I expected the above code take less time than my first code because of using multi-threads. But the elapsed time is about 7 seconds!!

Is there way to speed up using multi-threads?
7
  • 1
    Why do you read the whole file if you only need the first twenty lines? That's the most obvious improvement to your code. Also, where does your setup spend its time, is it doing IO or processing (CPU/RAM)? Knowing your bottlenecks is the first step to improving performance. Commented May 14, 2021 at 16:29
  • In fact, writing the first twenty lines is just for test. As far as I know, reading and writing csv file is IO operation so I thought that multi thread is valid. However, there is no improvement.... Commented May 14, 2021 at 16:45
  • 1
    Yes and no. Python can't make use of multiple CPU (cores) using multithreading. However, it can make use of multiple IO channels using multithreading. How many storage devices are involved in your setup? I guess it's just one and pounding that with multiple threads isn't going to make it run faster. Commented May 14, 2021 at 16:49
  • 1
    If C and D are separate drives and not just different partitions on the same drive, then yes. Commented May 14, 2021 at 19:01
  • 1
    BTW: Did you try the ProcessPoolExecutor? Maybe it's that simple. Commented May 14, 2021 at 19:07

1 Answer 1

1

I don't agree with the comments. Python will happily use multiple CPU cores if you have them, executing threads on separate cores.

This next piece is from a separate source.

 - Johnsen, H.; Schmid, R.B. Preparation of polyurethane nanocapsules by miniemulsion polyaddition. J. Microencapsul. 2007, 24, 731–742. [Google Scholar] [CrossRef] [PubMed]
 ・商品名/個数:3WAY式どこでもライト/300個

What I think is the issue here is your test. If you added the "do some process" you mentioned to your thread workers, I think you may find the multi-thread version to be faster. Right now your test merely shows it takes about 7 seconds to read/write the CSV files which will be I/O locked and not take advantage of the CPUs.

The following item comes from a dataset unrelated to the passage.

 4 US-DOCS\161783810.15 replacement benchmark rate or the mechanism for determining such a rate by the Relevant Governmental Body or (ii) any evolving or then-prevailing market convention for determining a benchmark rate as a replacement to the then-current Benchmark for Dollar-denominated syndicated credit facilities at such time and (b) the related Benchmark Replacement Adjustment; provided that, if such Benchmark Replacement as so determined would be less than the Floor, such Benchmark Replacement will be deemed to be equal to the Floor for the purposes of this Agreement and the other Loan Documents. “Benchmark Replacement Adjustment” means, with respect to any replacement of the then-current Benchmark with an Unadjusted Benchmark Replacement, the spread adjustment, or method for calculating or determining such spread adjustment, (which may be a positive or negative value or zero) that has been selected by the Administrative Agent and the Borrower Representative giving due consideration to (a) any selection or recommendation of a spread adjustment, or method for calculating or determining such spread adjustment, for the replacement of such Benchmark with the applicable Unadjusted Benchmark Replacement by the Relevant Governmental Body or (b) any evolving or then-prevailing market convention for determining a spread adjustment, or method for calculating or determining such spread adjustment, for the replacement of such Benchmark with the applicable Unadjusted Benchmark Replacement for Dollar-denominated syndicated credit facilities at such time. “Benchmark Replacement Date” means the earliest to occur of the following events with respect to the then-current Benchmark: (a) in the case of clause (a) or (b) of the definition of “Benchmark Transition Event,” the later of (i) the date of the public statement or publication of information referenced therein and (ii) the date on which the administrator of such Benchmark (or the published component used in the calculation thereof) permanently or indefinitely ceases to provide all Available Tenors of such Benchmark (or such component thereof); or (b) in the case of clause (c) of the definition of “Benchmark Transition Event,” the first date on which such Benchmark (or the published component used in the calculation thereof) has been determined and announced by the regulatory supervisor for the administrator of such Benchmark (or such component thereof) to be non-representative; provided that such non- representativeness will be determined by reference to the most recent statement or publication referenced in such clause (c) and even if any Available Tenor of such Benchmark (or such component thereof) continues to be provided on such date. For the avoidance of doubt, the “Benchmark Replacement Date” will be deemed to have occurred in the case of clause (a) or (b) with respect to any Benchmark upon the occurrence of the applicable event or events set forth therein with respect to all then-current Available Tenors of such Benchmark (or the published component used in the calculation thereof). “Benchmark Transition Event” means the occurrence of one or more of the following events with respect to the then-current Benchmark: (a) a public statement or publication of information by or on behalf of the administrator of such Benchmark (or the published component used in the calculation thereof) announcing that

If your "do some process" is non-trivial, I'd use multi-threading differently. Right now, you are having each thread do:

read csv file
process csv file
save csv file

This way, you are getting thread lock during the read and save steps, slowing things down.

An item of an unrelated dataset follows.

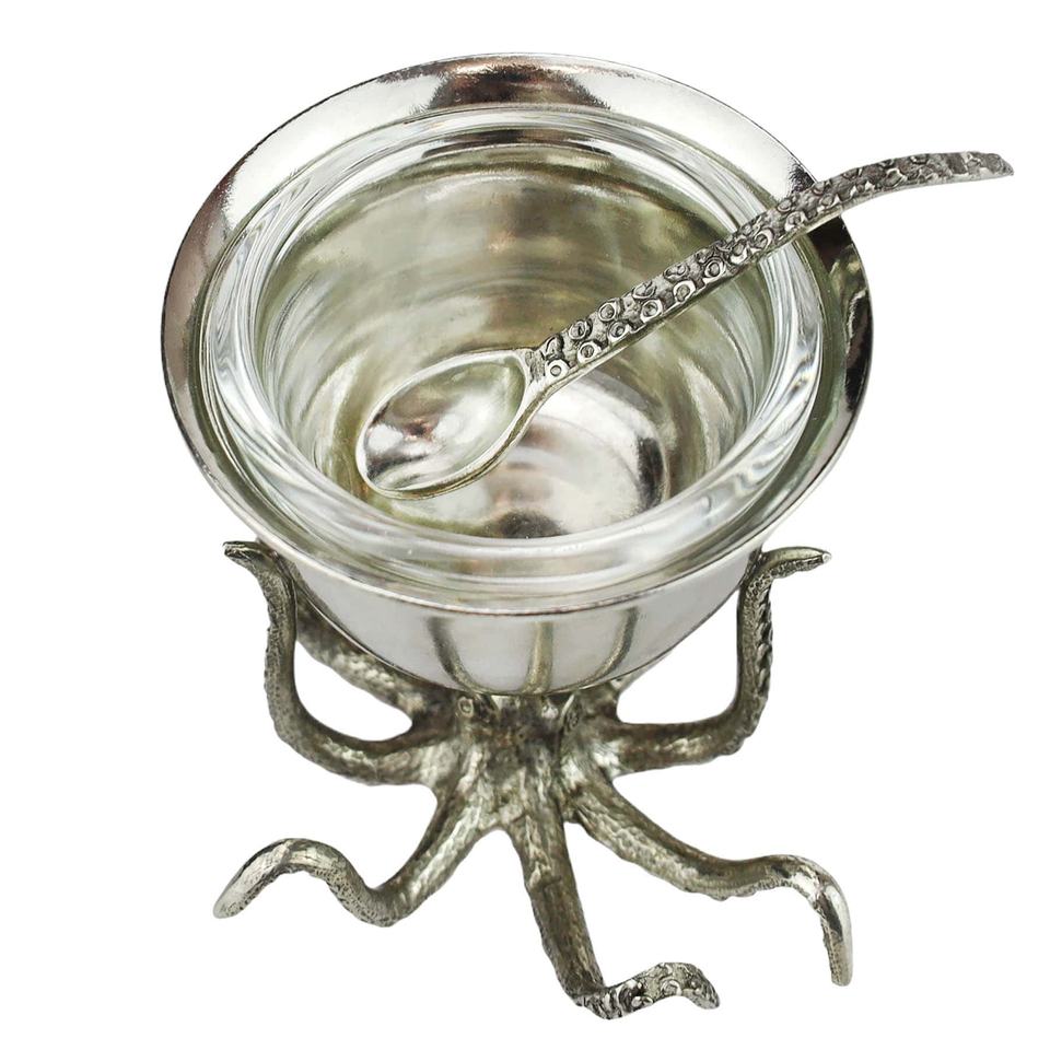 Bol à pieuvre décoratif en métal plaqué or Nouveau design Bol à fruits en aluminium Table à manger Centre de table Bol à forme ronde avec pieuvre

For a non-trivial "process" step, I'd do this: (pseudo-code)

def process_csv(line):
    <perform your processing on a single line>

<main>:
    csv_file for csv_file in csv_files:
        <read lines from csv>

        with concurrent.futures.ThreadPoolExecutor(max_workers=8) as executor:
            executor.map(process_csv, [line for line in lines])

        <write lines out to csv>

Since you're locking on read/write anyway, here at least the work-per-line is being spread across cores. And you're not trying to read all CSV's into memory simultaneously. Pick max-workers value appropriate for the number of cores in your system.

If "do some process" is trivial, my suggestion is probably pointless.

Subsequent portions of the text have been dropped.